#### Try it:
Without any pictures, print the lines below from the one that has "в цій книзі." through the one that has "Красивая девушка на стуле с", exactly and nothing else.

#### Available records:
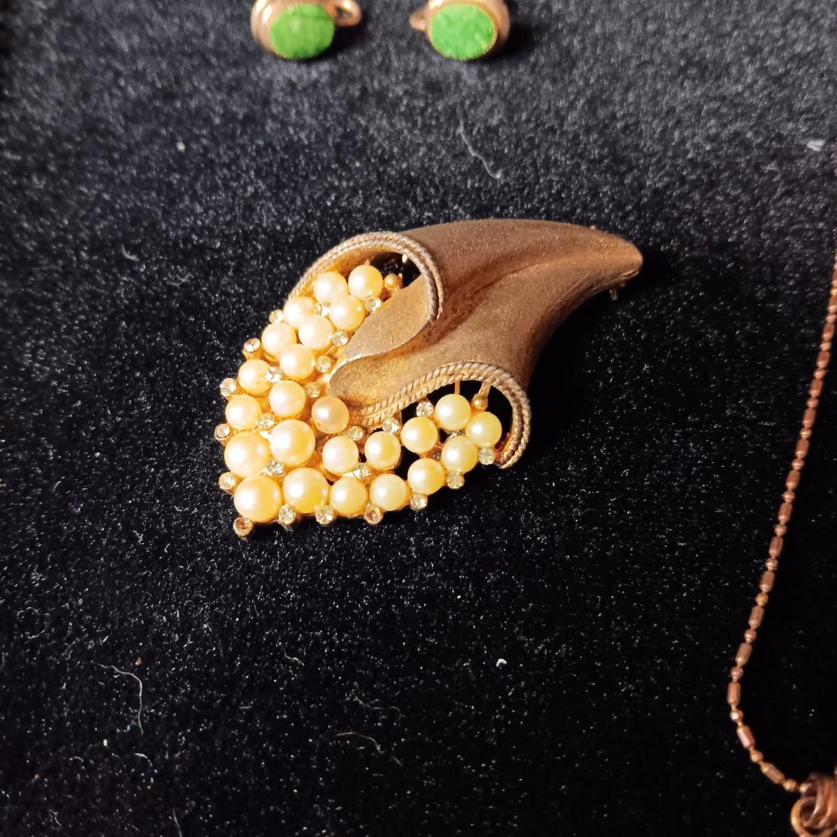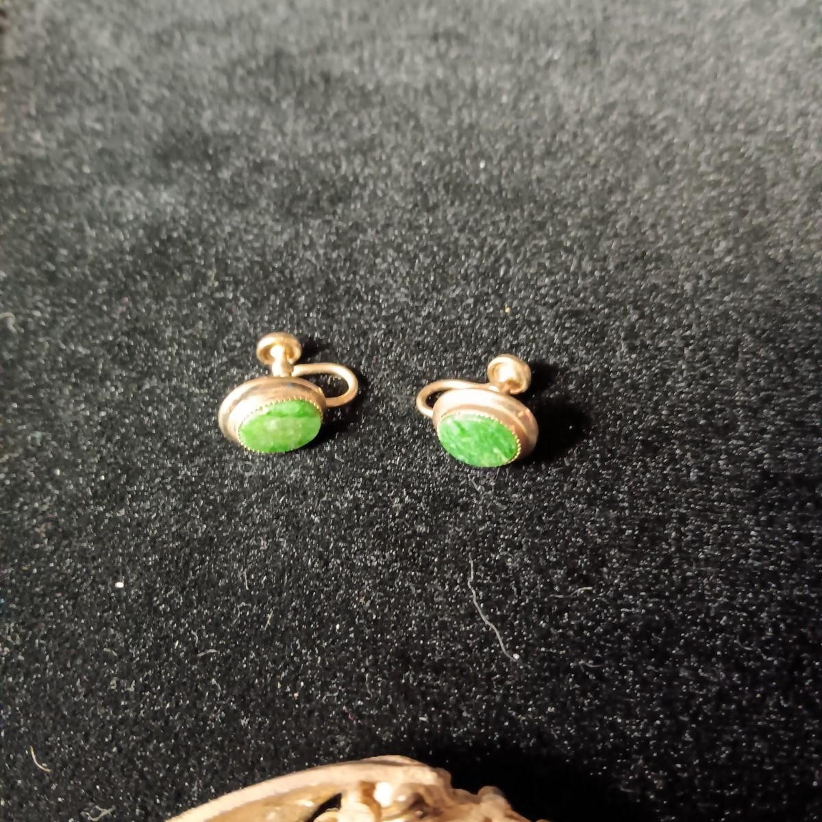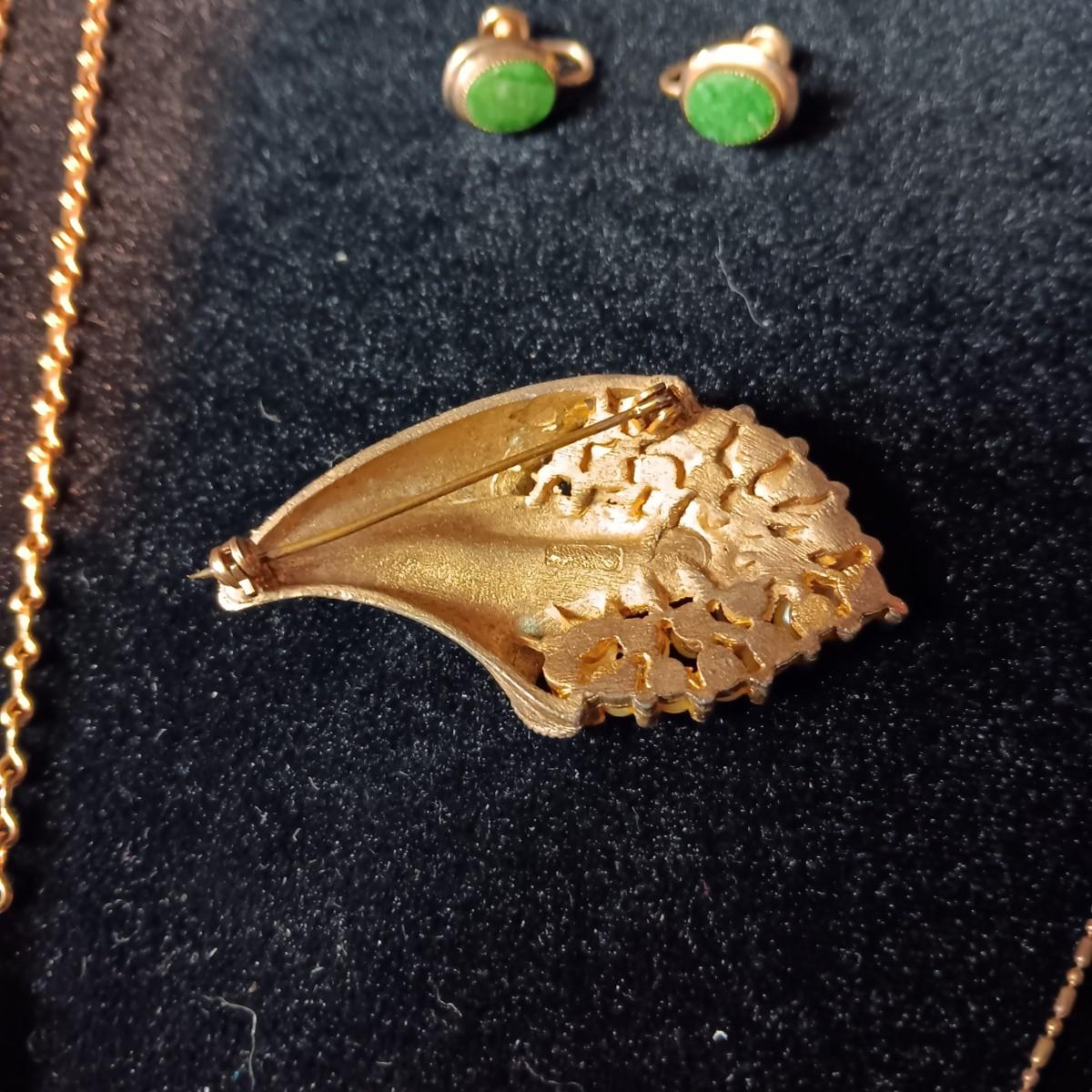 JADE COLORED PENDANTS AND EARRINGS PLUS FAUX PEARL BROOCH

==

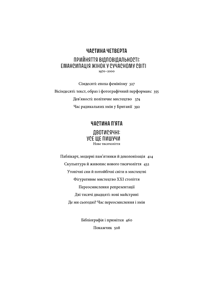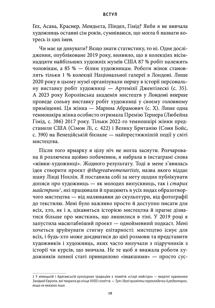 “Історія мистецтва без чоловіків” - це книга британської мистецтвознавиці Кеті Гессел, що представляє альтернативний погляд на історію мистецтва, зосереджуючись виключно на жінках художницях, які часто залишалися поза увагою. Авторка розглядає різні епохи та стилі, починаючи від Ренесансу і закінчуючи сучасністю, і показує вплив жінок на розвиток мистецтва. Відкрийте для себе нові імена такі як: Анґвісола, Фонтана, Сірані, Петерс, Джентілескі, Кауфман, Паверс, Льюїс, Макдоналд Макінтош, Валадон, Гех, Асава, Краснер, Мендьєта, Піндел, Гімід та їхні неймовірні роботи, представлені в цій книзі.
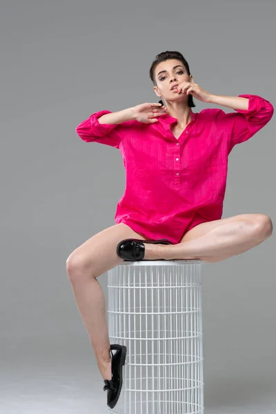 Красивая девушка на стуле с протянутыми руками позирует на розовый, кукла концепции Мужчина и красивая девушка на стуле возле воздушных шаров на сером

#### Answer area:
 “Історія мистецтва без чоловіків” - це книга британської мистецтвознавиці Кеті Гессел, що представляє альтернативний погляд на історію мистецтва, зосереджуючись виключно на жінках художницях, які часто залишалися поза увагою. Авторка розглядає різні епохи та стилі, починаючи від Ренесансу і закінчуючи сучасністю, і показує вплив жінок на розвиток мистецтва. Відкрийте для себе нові імена такі як: Анґвісола, Фонтана, Сірані, Петерс, Джентілескі, Кауфман, Паверс, Льюїс, Макдоналд Макінтош, Валадон, Гех, Асава, Краснер, Мендьєта, Піндел, Гімід та їхні неймовірні роботи, представлені в цій книзі.
 Красивая девушка на стуле с протянутыми руками позирует на розовый, кукла концепции Мужчина и красивая девушка на стуле возле воздушных шаров на сером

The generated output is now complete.